I’m honestly concerned to be traveling to this race, alone, at this point.  Initially, my mom was going with me.  Unfortunately, she bailed on me a few weeks ago.  She has important business that arose and she can’t go away for the weekend.  Enter, hmmmm.  Um, my, hmmm.  Do you have that single person in your life that defies your ability to accurately describe them?  They kind of transcend terms, they make words seem generic when you try to find one that fits.  You know, that person who is kind of like the peanut butter to your jelly or in our terms, the vodka to your soda?  Well, she was going with me!  All was right and well in the world, sunshine had rainbows and butterflies were busy spreading glitter through my life.  Water tasted like the dew off new born unicorns and my life has been flooded with kittens.  We were going to have a fun weekend away capped off with the race!  Until, I had to be me and act like an asshole.  I’m the quintessential king of self sabotage.  I’m the guy who can’t leave well enough alone.  My own happiness must make some part of my brain go limp with fear, thats when life is right for me to fuck up something really good.  In true to form fashion I implemented my scorched earth policy and burned through everything good I had in life last week.  One of these days I’ll let my insecurities stop running my mouth, sadly it wasn’t in time to save this.  I’m laying in the bed I created and it feels uncomfortable.  Truth, I almost quit and just said “fuck it,” Friday.  I’d lost my motivation to train, I had no worldly or personal desire to race.  I was finished, done and bailing on myself for a few months in order to regroup.  Thankfully I have a few really good friends who care about me.  My friends drug me up from the wallowing floor of my own life and made me see I’ll hate myself forever if I quit now.  I don’t want to do this without my support system but if I have too, I will.  

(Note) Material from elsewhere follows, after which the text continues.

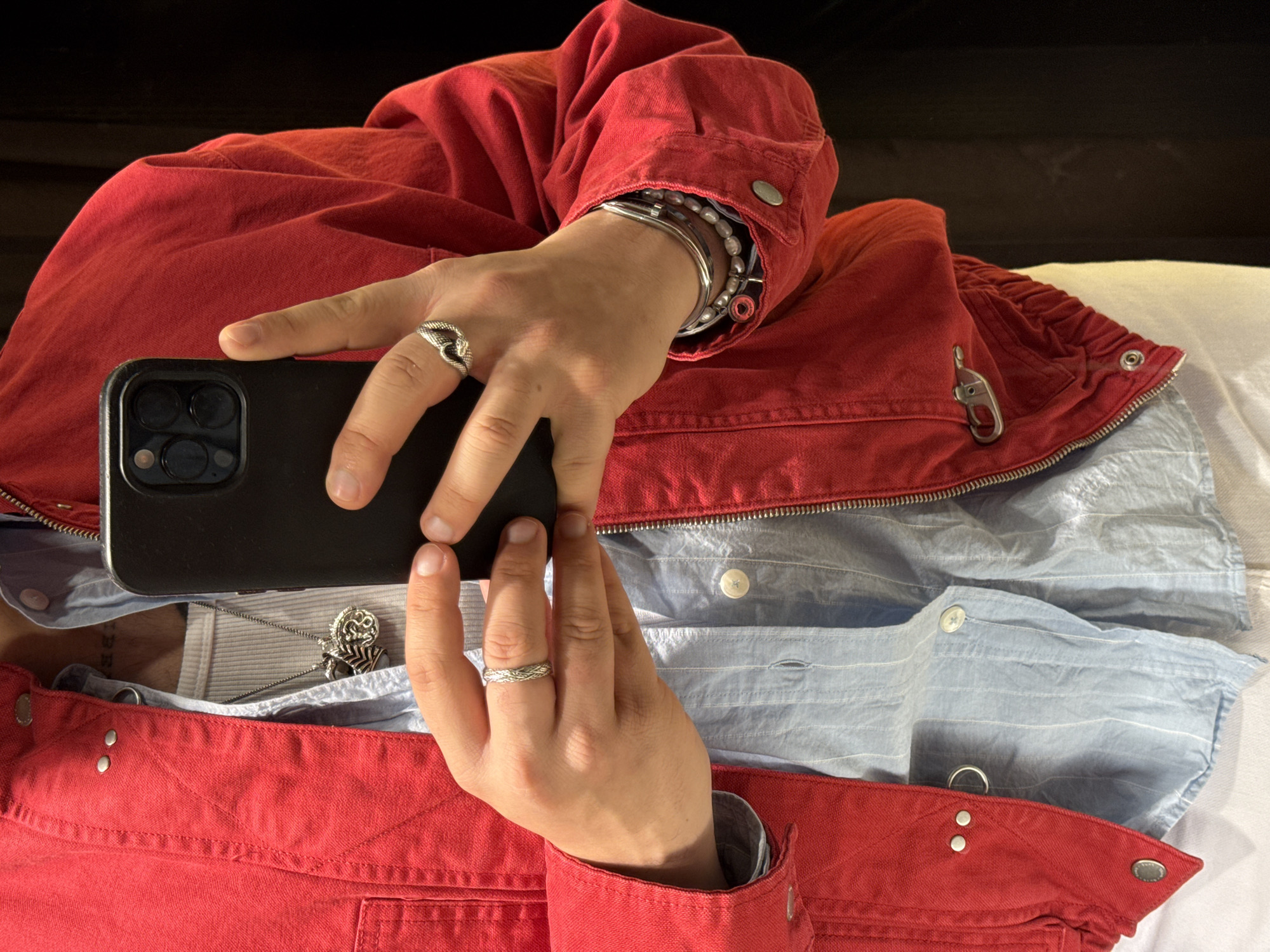 A close-up, chest-level shot captures an individual holding a black smartphone with their left hand, seemingly taking a mirror selfie. The person is wearing a red, possibly denim, jacket with metallic snap buttons and a visible zipper, layered over an unbuttoned light blue, subtly striped long-sleeve shirt. Beneath the shirt, a white ribbed undershirt is visible. Two silver-colored pendants hang from a necklace: one featuring a stylized 'R' or similar motif, and another more abstract metallic piece. A faint tattoo with text in an unidentified script is visible on the upper chest. The individual wears a silver-colored ring with a braided design on the ring finger of their right hand. On the left hand, a silver-colored ring, resembling a coiled snake or knot, is on the pinky finger. The left wrist is adorned with multiple bracelets, including several thin silver bangles, a strand of small white/cream pearls, and another bracelet with dark beads and a small heart-shaped charm. The bottom portion of the image reveals white trousers. The background is predominantly dark, suggesting an indoor setting such as a fitting room or retail space. The specific location in the city of Porto, Portugal, cannot be determined from the visual information presented in the image.

The last few days I’ve got in good training.  Maybe I’m stupid but I’m confident I can do this.  I’ve always been one to show up on game day.  I’d love to be able to look back on the last few weeks and know I’m ready as opposed to wondering if my lack of training will come as a harsh reality?  I’m nervous, I’m not trained to where I want to be and I’m petrified.  I’m loathing myself for taking my own shit out on someone so important to me.  I’m scared to travel alone, not because I need someone but because I wanted us to celebrate my triumph together.  My accomplishment will be great but I’ll know in my mind it could have meant so much more.  



Like always thank you for reading!  I’ll write again this week, something more specific to my approach and process leading up to the race this week.  Right now, I just really had to get this stuff off my chest, be human and show that everything leading up to a big race isn’t always smiles and puppies.  I hope by writing and putting all this out into the world my brain can somehow gain a little traction and stop spiraling out of control.  I need to quiet this noise.